[The data — start]
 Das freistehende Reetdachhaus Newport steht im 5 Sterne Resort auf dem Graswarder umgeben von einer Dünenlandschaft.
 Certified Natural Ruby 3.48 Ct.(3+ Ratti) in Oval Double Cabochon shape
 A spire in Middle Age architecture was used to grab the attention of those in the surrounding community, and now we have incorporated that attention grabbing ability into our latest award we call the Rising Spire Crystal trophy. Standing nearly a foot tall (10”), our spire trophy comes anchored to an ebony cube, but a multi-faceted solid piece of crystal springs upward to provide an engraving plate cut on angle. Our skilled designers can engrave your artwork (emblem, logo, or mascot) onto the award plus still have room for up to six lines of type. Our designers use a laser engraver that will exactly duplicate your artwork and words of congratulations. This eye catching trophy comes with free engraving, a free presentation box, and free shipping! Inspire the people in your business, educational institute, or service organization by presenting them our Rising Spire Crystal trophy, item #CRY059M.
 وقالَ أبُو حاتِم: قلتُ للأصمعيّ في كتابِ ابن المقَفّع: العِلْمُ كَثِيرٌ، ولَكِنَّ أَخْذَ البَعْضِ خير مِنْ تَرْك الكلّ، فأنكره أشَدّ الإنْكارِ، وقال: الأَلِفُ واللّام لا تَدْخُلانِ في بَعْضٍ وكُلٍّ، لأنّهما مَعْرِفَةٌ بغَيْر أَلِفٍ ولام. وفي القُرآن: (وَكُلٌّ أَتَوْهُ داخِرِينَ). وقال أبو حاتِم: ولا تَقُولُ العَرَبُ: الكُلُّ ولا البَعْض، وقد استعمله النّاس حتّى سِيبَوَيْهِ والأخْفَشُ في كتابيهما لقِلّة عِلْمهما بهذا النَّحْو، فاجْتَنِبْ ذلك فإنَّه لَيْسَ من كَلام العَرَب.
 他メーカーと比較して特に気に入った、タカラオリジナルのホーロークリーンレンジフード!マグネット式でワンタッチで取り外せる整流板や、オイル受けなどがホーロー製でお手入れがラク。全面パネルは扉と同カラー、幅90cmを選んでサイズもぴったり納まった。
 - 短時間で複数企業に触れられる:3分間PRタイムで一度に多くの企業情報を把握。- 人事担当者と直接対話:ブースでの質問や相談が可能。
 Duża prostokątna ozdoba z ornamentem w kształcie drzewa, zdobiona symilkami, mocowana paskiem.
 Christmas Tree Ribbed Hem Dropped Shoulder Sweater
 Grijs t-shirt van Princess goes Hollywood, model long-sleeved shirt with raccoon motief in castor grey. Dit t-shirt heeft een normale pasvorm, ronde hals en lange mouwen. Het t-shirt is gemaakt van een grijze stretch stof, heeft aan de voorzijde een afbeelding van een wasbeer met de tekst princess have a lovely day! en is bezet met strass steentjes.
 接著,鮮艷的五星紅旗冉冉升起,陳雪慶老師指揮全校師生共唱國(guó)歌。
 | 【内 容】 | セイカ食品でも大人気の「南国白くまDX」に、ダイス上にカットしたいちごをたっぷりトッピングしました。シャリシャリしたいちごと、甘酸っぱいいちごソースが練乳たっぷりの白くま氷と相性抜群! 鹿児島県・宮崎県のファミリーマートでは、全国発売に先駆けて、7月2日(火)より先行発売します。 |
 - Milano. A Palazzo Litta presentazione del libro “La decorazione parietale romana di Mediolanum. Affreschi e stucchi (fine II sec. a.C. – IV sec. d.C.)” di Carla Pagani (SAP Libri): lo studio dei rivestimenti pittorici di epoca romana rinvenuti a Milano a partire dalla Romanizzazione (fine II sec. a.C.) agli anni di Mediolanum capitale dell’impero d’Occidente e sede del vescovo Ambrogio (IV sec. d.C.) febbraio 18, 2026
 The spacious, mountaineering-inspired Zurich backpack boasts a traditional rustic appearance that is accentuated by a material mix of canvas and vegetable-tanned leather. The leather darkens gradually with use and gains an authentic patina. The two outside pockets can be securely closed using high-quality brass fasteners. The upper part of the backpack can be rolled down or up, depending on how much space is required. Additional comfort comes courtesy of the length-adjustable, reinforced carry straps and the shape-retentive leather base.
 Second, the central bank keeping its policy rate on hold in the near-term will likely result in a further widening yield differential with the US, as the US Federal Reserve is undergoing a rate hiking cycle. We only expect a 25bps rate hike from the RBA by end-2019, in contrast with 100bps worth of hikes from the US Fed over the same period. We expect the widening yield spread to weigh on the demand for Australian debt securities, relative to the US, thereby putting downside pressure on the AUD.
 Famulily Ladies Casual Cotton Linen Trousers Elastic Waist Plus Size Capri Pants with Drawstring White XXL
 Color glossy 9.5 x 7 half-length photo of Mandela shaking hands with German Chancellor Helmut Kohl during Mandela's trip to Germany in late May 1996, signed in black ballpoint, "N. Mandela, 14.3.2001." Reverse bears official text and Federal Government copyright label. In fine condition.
[The data — finish]
■ About this task ■
The records need to be set down again without a single difference.

■ Exercise solution ■
 Das freistehende Reetdachhaus Newport steht im 5 Sterne Resort auf dem Graswarder umgeben von einer Dünenlandschaft.
 Certified Natural Ruby 3.48 Ct.(3+ Ratti) in Oval Double Cabochon shape
 A spire in Middle Age architecture was used to grab the attention of those in the surrounding community, and now we have incorporated that attention grabbing ability into our latest award we call the Rising Spire Crystal trophy. Standing nearly a foot tall (10”), our spire trophy comes anchored to an ebony cube, but a multi-faceted solid piece of crystal springs upward to provide an engraving plate cut on angle. Our skilled designers can engrave your artwork (emblem, logo, or mascot) onto the award plus still have room for up to six lines of type. Our designers use a laser engraver that will exactly duplicate your artwork and words of congratulations. This eye catching trophy comes with free engraving, a free presentation box, and free shipping! Inspire the people in your business, educational institute, or service organization by presenting them our Rising Spire Crystal trophy, item #CRY059M.
 وقالَ أبُو حاتِم: قلتُ للأصمعيّ في كتابِ ابن المقَفّع: العِلْمُ كَثِيرٌ، ولَكِنَّ أَخْذَ البَعْضِ خير مِنْ تَرْك الكلّ، فأنكره أشَدّ الإنْكارِ، وقال: الأَلِفُ واللّام لا تَدْخُلانِ في بَعْضٍ وكُلٍّ، لأنّهما مَعْرِفَةٌ بغَيْر أَلِفٍ ولام. وفي القُرآن: (وَكُلٌّ أَتَوْهُ داخِرِينَ). وقال أبو حاتِم: ولا تَقُولُ العَرَبُ: الكُلُّ ولا البَعْض، وقد استعمله النّاس حتّى سِيبَوَيْهِ والأخْفَشُ في كتابيهما لقِلّة عِلْمهما بهذا النَّحْو، فاجْتَنِبْ ذلك فإنَّه لَيْسَ من كَلام العَرَب.
 他メーカーと比較して特に気に入った、タカラオリジナルのホーロークリーンレンジフード!マグネット式でワンタッチで取り外せる整流板や、オイル受けなどがホーロー製でお手入れがラク。全面パネルは扉と同カラー、幅90cmを選んでサイズもぴったり納まった。
 - 短時間で複数企業に触れられる:3分間PRタイムで一度に多くの企業情報を把握。- 人事担当者と直接対話:ブースでの質問や相談が可能。
 Duża prostokątna ozdoba z ornamentem w kształcie drzewa, zdobiona symilkami, mocowana paskiem.
 Christmas Tree Ribbed Hem Dropped Shoulder Sweater
 Grijs t-shirt van Princess goes Hollywood, model long-sleeved shirt with raccoon motief in castor grey. Dit t-shirt heeft een normale pasvorm, ronde hals en lange mouwen. Het t-shirt is gemaakt van een grijze stretch stof, heeft aan de voorzijde een afbeelding van een wasbeer met de tekst princess have a lovely day! en is bezet met strass steentjes.
 接著,鮮艷的五星紅旗冉冉升起,陳雪慶老師指揮全校師生共唱國(guó)歌。
 | 【内 容】 | セイカ食品でも大人気の「南国白くまDX」に、ダイス上にカットしたいちごをたっぷりトッピングしました。シャリシャリしたいちごと、甘酸っぱいいちごソースが練乳たっぷりの白くま氷と相性抜群! 鹿児島県・宮崎県のファミリーマートでは、全国発売に先駆けて、7月2日(火)より先行発売します。 |
 - Milano. A Palazzo Litta presentazione del libro “La decorazione parietale romana di Mediolanum. Affreschi e stucchi (fine II sec. a.C. – IV sec. d.C.)” di Carla Pagani (SAP Libri): lo studio dei rivestimenti pittorici di epoca romana rinvenuti a Milano a partire dalla Romanizzazione (fine II sec. a.C.) agli anni di Mediolanum capitale dell’impero d’Occidente e sede del vescovo Ambrogio (IV sec. d.C.) febbraio 18, 2026
 The spacious, mountaineering-inspired Zurich backpack boasts a traditional rustic appearance that is accentuated by a material mix of canvas and vegetable-tanned leather. The leather darkens gradually with use and gains an authentic patina. The two outside pockets can be securely closed using high-quality brass fasteners. The upper part of the backpack can be rolled down or up, depending on how much space is required. Additional comfort comes courtesy of the length-adjustable, reinforced carry straps and the shape-retentive leather base.
 Second, the central bank keeping its policy rate on hold in the near-term will likely result in a further widening yield differential with the US, as the US Federal Reserve is undergoing a rate hiking cycle. We only expect a 25bps rate hike from the RBA by end-2019, in contrast with 100bps worth of hikes from the US Fed over the same period. We expect the widening yield spread to weigh on the demand for Australian debt securities, relative to the US, thereby putting downside pressure on the AUD.
 Famulily Ladies Casual Cotton Linen Trousers Elastic Waist Plus Size Capri Pants with Drawstring White XXL
 Color glossy 9.5 x 7 half-length photo of Mandela shaking hands with German Chancellor Helmut Kohl during Mandela's trip to Germany in late May 1996, signed in black ballpoint, "N. Mandela, 14.3.2001." Reverse bears official text and Federal Government copyright label. In fine condition.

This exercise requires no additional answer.